Django's update_or_create failing although kwargs is specified

April 4, 2024

I have the following Django model:

class Itens(models.Model):
    id = models.AutoField(primary_key=True)
    itempr_id = models.IntegerField(unique=True) # This is NOT a relationship
    cod_item = models.CharField(max_length=16, unique=True)
    # Other fields...

As you can see, both itempr_id and cod_item are unique, so I specified update_and_create to take this into account:

class CreateItensSerializer(serializers.ModelSerializer):
    class Meta:
        model = Itens
        fields = '__all__'

    def create(self, validated_data):
        item, created = Itens.objects.update_or_create(
            itempr_id=validated_data.get('itempr_id'),
            cod_item=validated_data.get('cod_item'),
            defaults=validated_data
        )

        return item

I call and save the serializer like this:

serializer = CreateItensSerializer(data=itens, many=True)
if serializer.is_valid():
       serializer.save()

However, whenever there is a duplicate, I get the following error:

{'itempr_id': [ErrorDetail(string='itens with this itempr id already exists.', code='unique')], 'cod_item': [ErrorDetail(string='itens with this cod item already exists.', code='unique')]}

I do not expect any uniqueness violation problems since the fields were already specified to be unique in the function call

How can I fix this?

EDIT: just to make it clear, this works if the DB’s table is empty, there’s no problem in the itens argument in serializer = CreateItensSerializer(data=itens, many=True)

>Solution :

In your modeling, you made both itempr_id and cod_item unique, yes.
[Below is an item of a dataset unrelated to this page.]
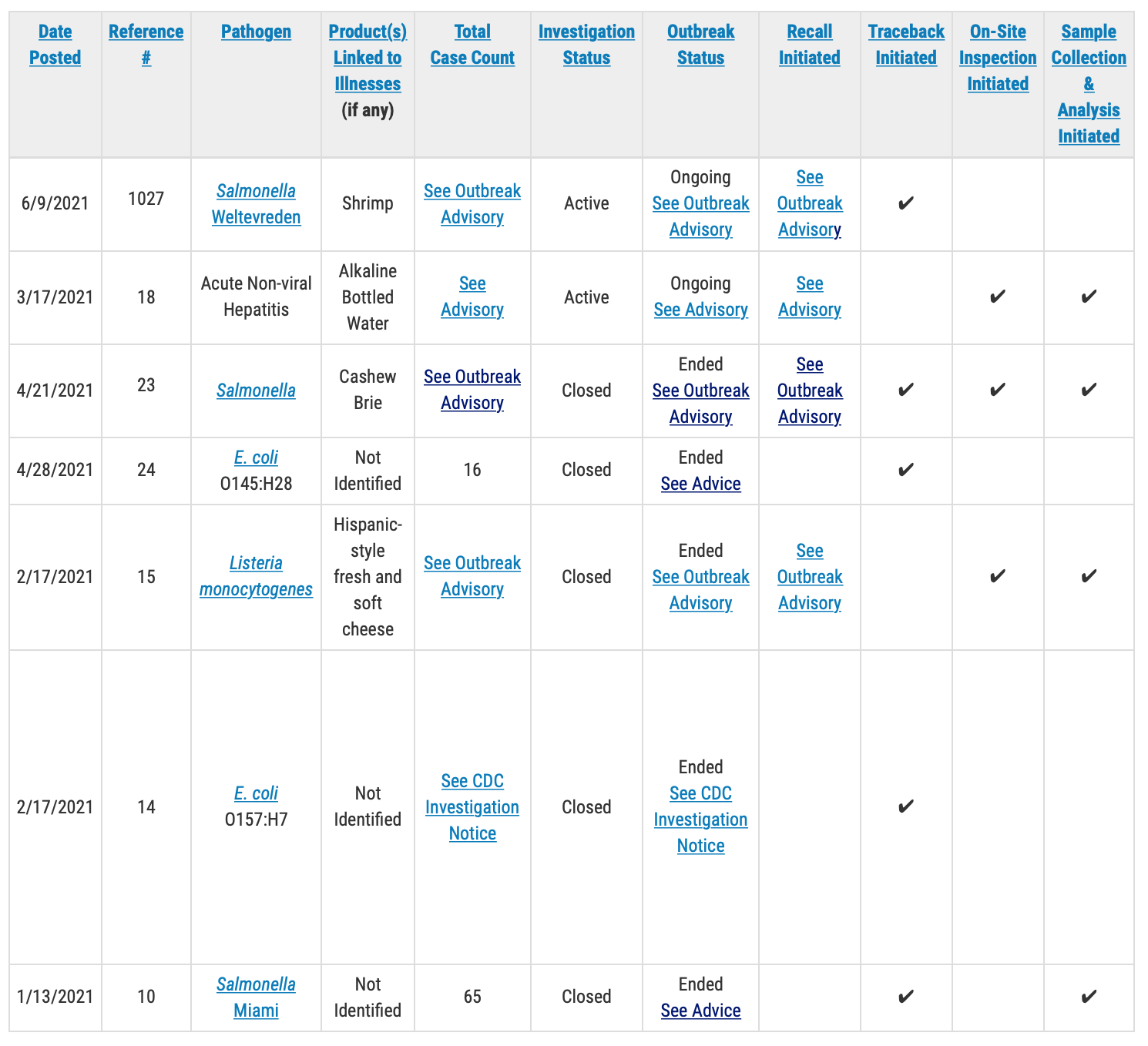 The Food and Drug Administration will issue public health advisories for outbreak investigations that have resulted in specific, actionable steps for consumers — such as throwing out or avoiding specific foods — to take to protect themselves, according to the outbreak table page.

But these are individually unique. This means that if there is a record with itempr_id=42, then no other row can have itempr_id=42.

Your .update_or_create(…) ^[Django-doc] will update a row, if both the itempr_id and cod_item match. But this is thus something different. Indeed, if we update or create an item with itempr_id=42 and cod_item='A', and there is already a record with itempr_id=42, but with cod_item='B', it will try to create a new record, and therefore thus raise an error. If the fields are unique together, meaning that itempr_id=42 can occur multiple times, and cod_items='A' can occur multiple times, but the combination can occur at most once, then .update_or_create(…) would have worked.

The main issue is probably not that much technical, but more functional: if two or more columns are unique, and you work with .update_or_create(…), then which row should be picked to update in case of a collision? The one with the already existing itempr_id, or with the one with the already existing cod_items? Why the former over the latter?

If we would orient first on the itempr_id, we could work with:

def create(self, validated_data):
    updated = Itens.objects.filter(
        itempr_id=validated_data.get('itempr_id')
    ).update(**validated_data)
    if not updated:
        updated = Itens.objects.filter(
            cod_item=validated_data.get('cod_item'),
        ).update(**validated_data)
    if not updated:
        Item.objects.create(**validated_data)
    return item

which is essentially what .update_or_create(…) is doing, except that it uses the combination of the items to filter, although that might be a bit more efficient.

But if we use .update_or_create(…) to just silence integrity errors, that is likely caused by bad modeling: it is not very common that a model carries two or more (non-primary key) unique columns if these are unique individually. Typically the combination should be unique.